They didn’t receive a statement the following month.
Then, in October, another statement arrived in their mailbox,
displaying a balance of $20,526.65.
Based on her private calculations, Georgianne says the lower
payoff figures she was quoted by CFMC representatives seemed
more accurate than those on the higher end. For this reason,
and because they’d already made a closing in good faith, Georgianne
says she wasn’t about to give CFMC any more money unless they
could provide a breakdown of what the Crabills still owed
and why. Despite her requests for full documentation, Georgianne
and Stitt continued to receive documents insisting that the
higher amount was correct, but without a complete breakdown.
“We
had no intentions of dragging it this far,” Georgianne says
as she thinks back about the events of the past few years.
“All we wanted them to do was look at [the situation] and
see what happened and fix it. I said that if we owed them
money, we would pay it, but I’m not paying them something
that they can’t prove to us that we owe them.”
As the housing market cooled and interest rates rose, the
potential long-term ramifications of the new subprime market
began to emerge, especially since the beginning of this year.

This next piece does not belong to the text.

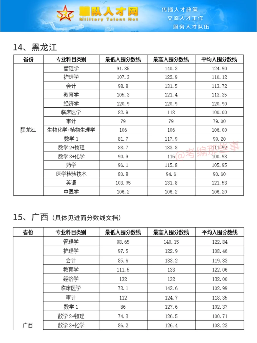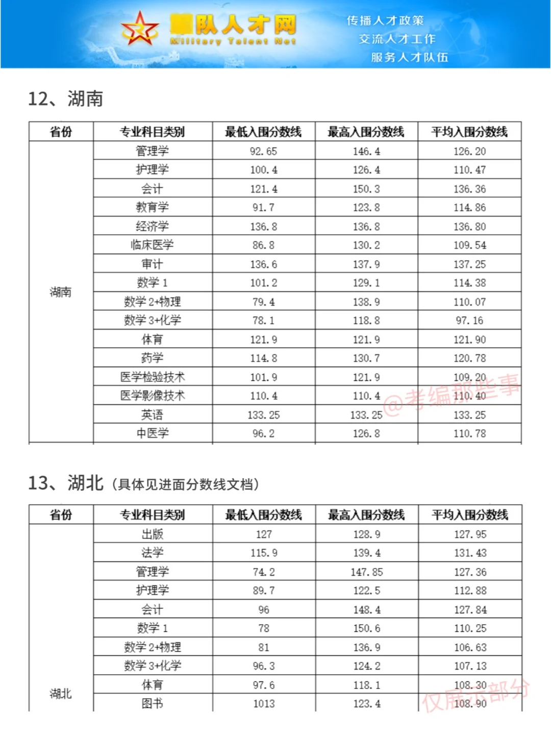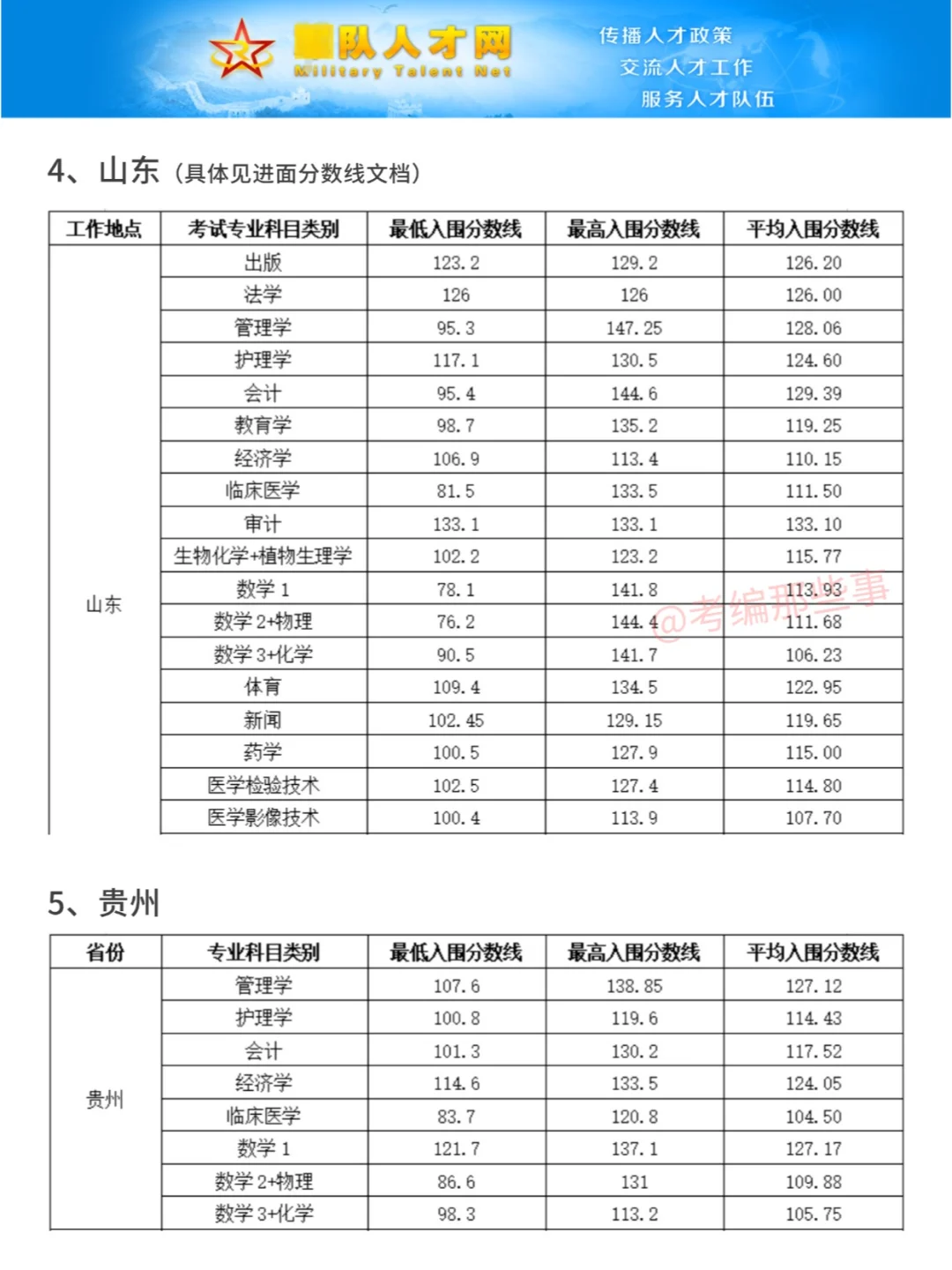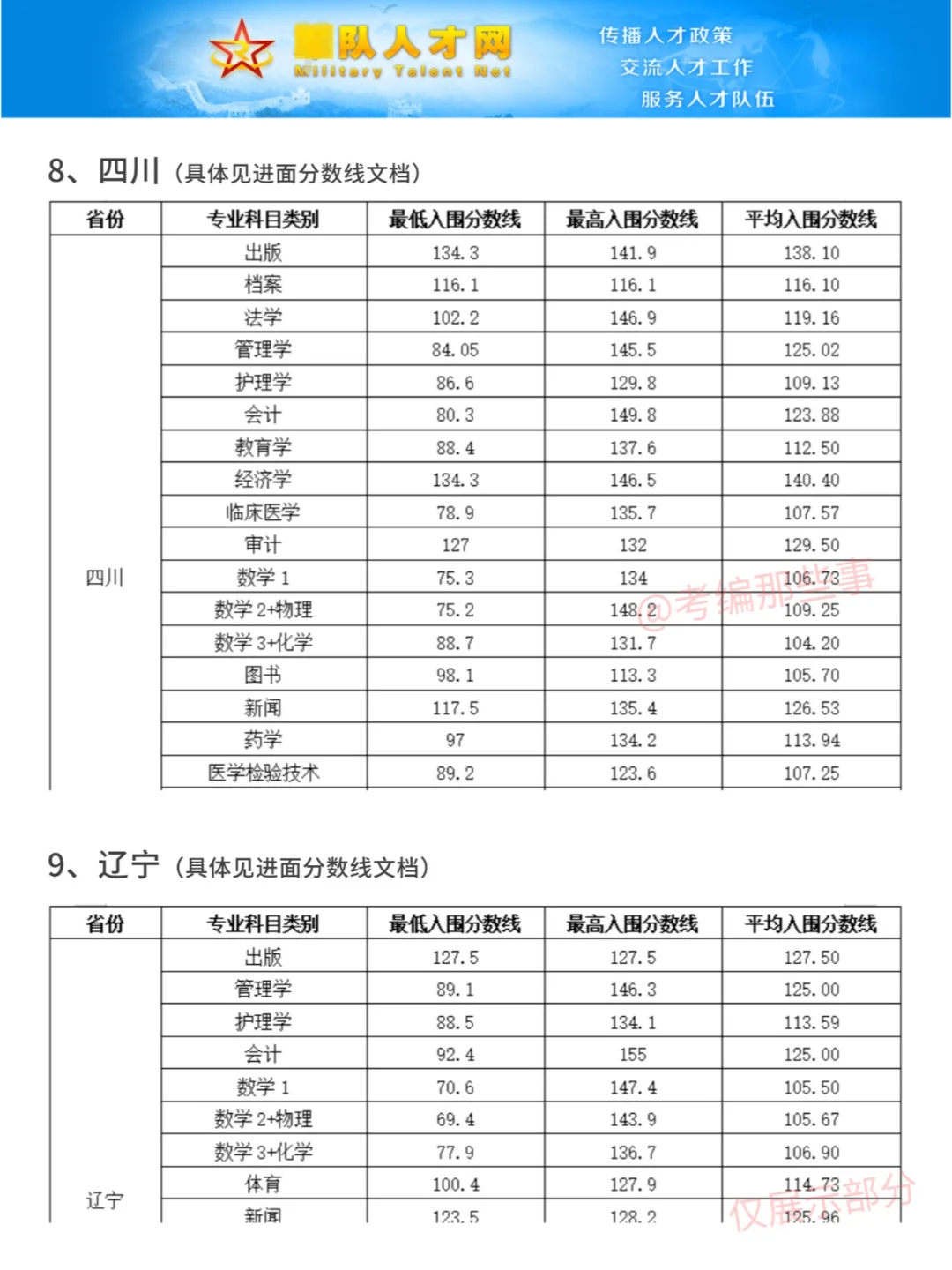 各省分数线~ 入围分数为公共科目、专业科目之和 公共科目相当于公基+职测 专业科目(分类别):出版、法学、管理学、护理学、会计、教育学、经济学、临床医 学、审计、生物化学+植物生理学、数学 1、数学 2+物理、数学 3+化学、体育、新闻、医学检验技术、医学影像技术、艺术基础综合、英语等 文职 文职备考 文职考试 25文职 2025文职 文职进面分数线 文职面试 文职笔试 进面分
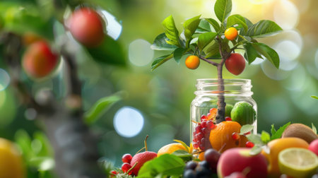 A visually appealing arrangement featuring a miniature tree in a jar surrounded by an array of fresh fruits, evoking feelings of nature's abundance and health.

Some borrowers are finding they can no longer afford the loan—typically
sold as an adjustable-rate mortgage—that seemed so promising
a few years earlier.
Tracy Petersen is a program coordinator at the Affordable
Housing Partnership in Albany, which provides free homeowner
counseling to Capital Region residents, including prepurchase
services and assistance for those who fall behind with mortgage
payments. “I’m getting more calls for mortgage-default counseling
than we’ve ever gotten in the last seven years I’ve been at
this agency,” she says.
At a conference last fall, Petersen says that she was told
to expect an increase in mortgage foreclosures—and therefore
in her workload—as borrowers, faced with the possibility of
losing their home, seek out assistance. “They were so right,”
she says. “I’m not sure where in the country it started, but
it hit here.”
Nationally, the percentage of homeowners with subprime loans
who are behind in their payments or in foreclosure has jumped
by full percentage points within a matter of months, causing
some lawmakers and civil-rights groups to sound the alarm.
Several organizations are calling for an immediate six-month
moratorium on foreclosures on subprime loans, while state
and federal lawmakers float ideas of their own. Both New York
senators have released statements in recent months that note
problems with the subprime market and call for urgent action.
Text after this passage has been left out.